Problem requirements: In the data below, set down exactly the lines from the one containing "Normaler Preis HK$245.00Grundpreis" up to and including the one containing "DR Strings Acoustic". Leave the pictures out.

Data to examine:
# # #

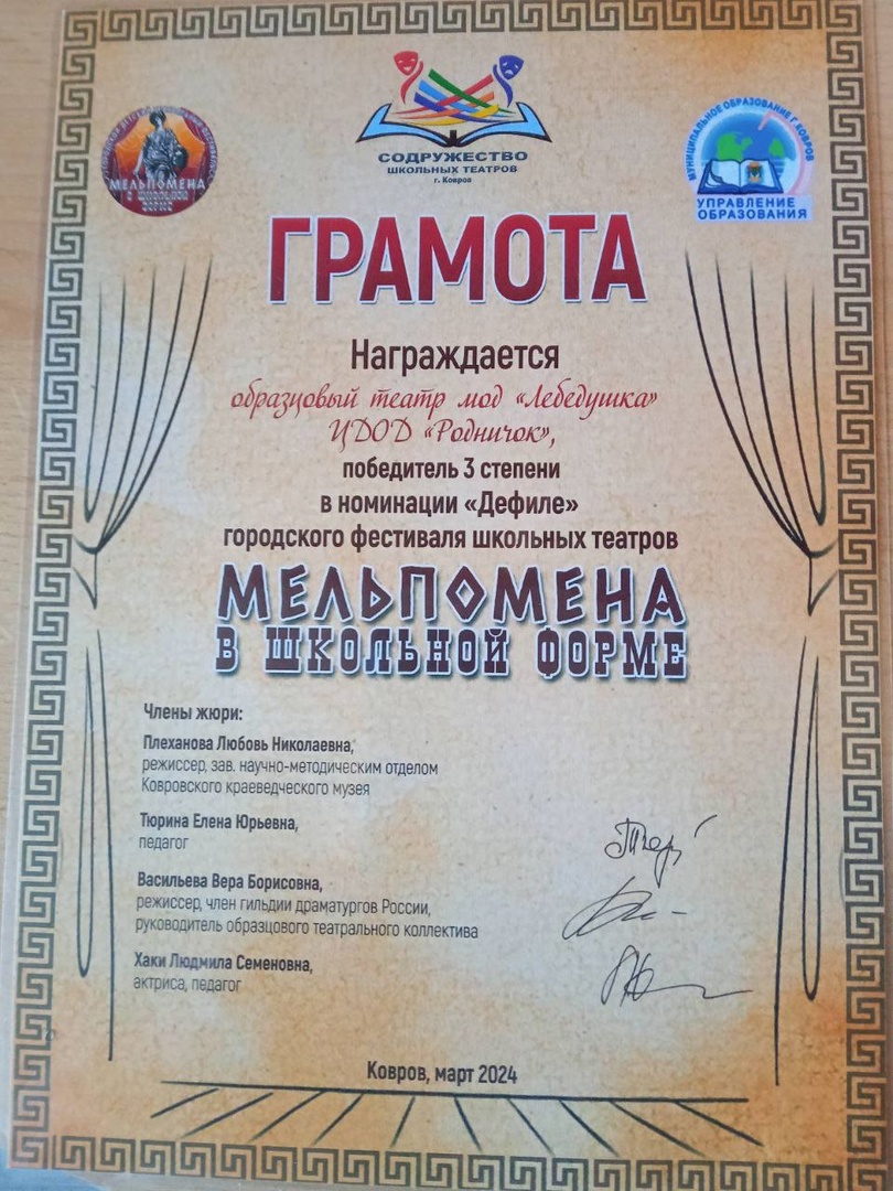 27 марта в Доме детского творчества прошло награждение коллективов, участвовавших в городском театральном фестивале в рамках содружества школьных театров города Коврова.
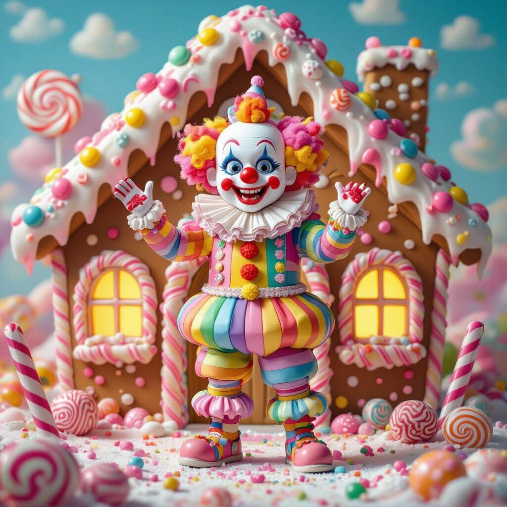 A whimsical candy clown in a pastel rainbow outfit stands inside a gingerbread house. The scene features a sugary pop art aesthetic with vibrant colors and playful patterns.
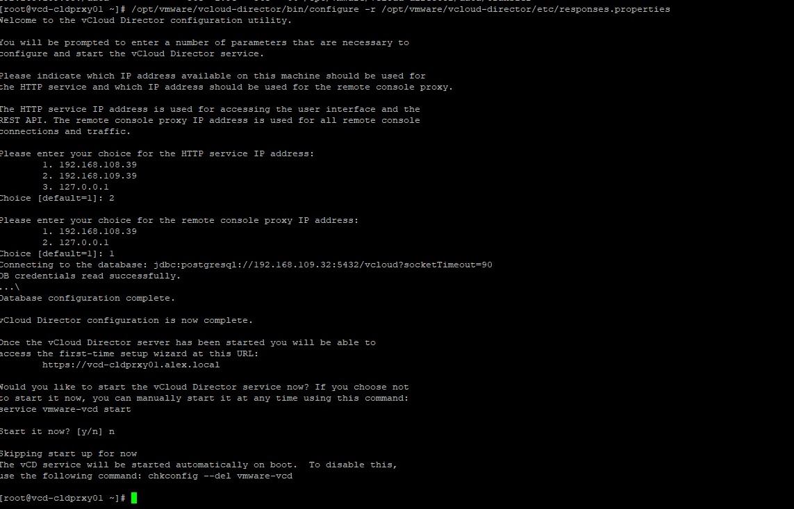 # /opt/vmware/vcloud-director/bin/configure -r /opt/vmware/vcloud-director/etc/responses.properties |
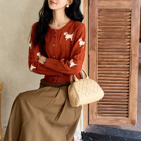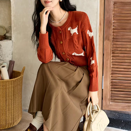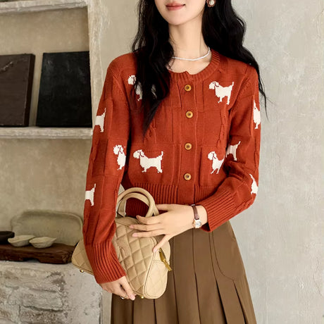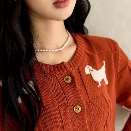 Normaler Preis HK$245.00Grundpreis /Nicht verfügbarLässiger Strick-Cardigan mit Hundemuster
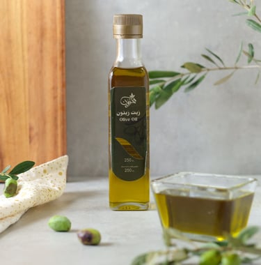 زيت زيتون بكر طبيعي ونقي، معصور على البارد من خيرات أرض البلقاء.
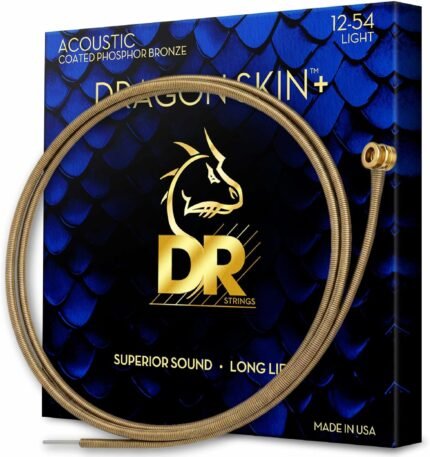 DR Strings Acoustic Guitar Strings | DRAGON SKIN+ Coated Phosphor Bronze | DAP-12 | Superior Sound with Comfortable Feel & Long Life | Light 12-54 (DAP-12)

# # #

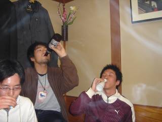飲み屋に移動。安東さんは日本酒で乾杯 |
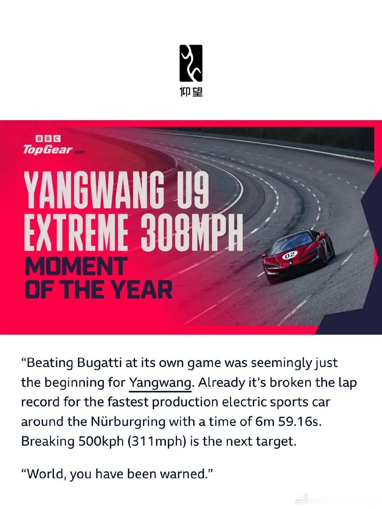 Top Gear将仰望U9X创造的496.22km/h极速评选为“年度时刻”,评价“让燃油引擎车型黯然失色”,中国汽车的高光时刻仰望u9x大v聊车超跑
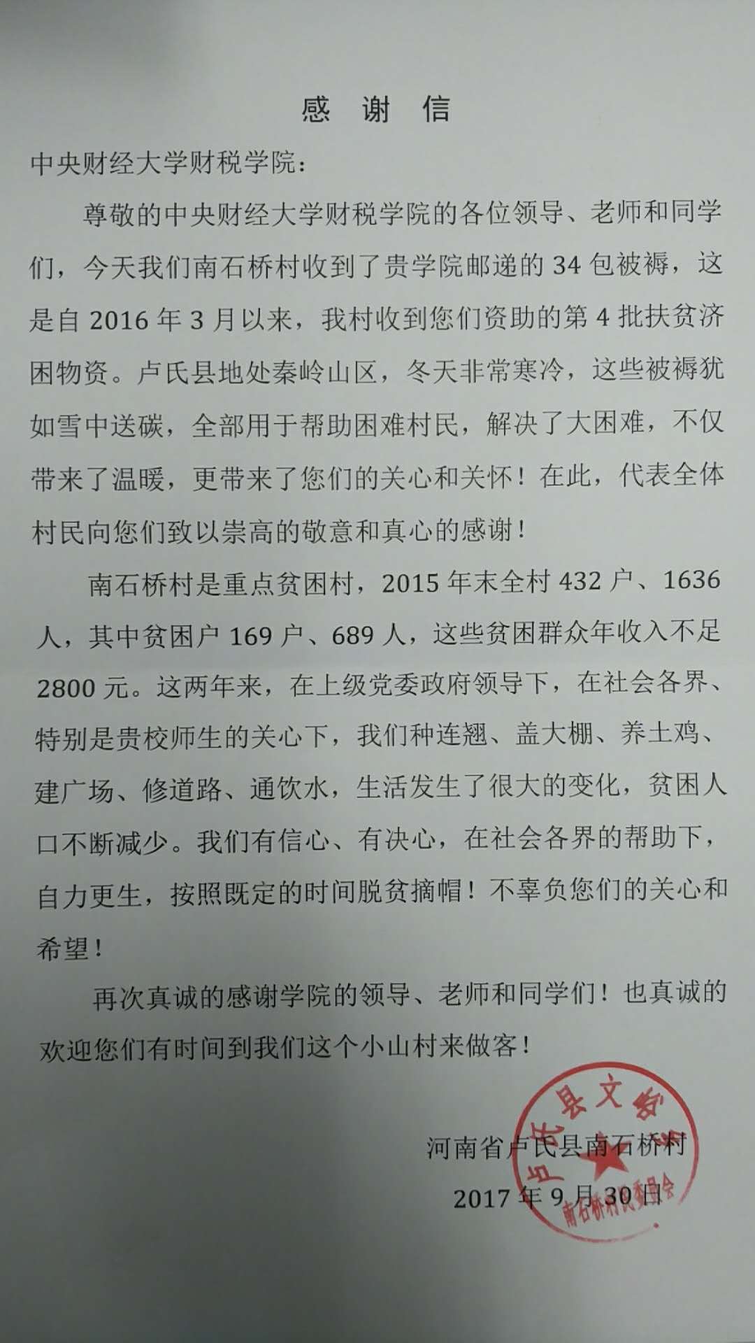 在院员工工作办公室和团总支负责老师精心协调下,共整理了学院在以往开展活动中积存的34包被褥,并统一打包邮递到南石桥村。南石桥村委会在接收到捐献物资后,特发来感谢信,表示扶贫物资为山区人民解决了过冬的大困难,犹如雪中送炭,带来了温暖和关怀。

# # #

Written answer:
 Normaler Preis HK$245.00Grundpreis /Nicht verfügbarLässiger Strick-Cardigan mit Hundemuster
 زيت زيتون بكر طبيعي ونقي، معصور على البارد من خيرات أرض البلقاء.
 DR Strings Acoustic Guitar Strings | DRAGON SKIN+ Coated Phosphor Bronze | DAP-12 | Superior Sound with Comfortable Feel & Long Life | Light 12-54 (DAP-12)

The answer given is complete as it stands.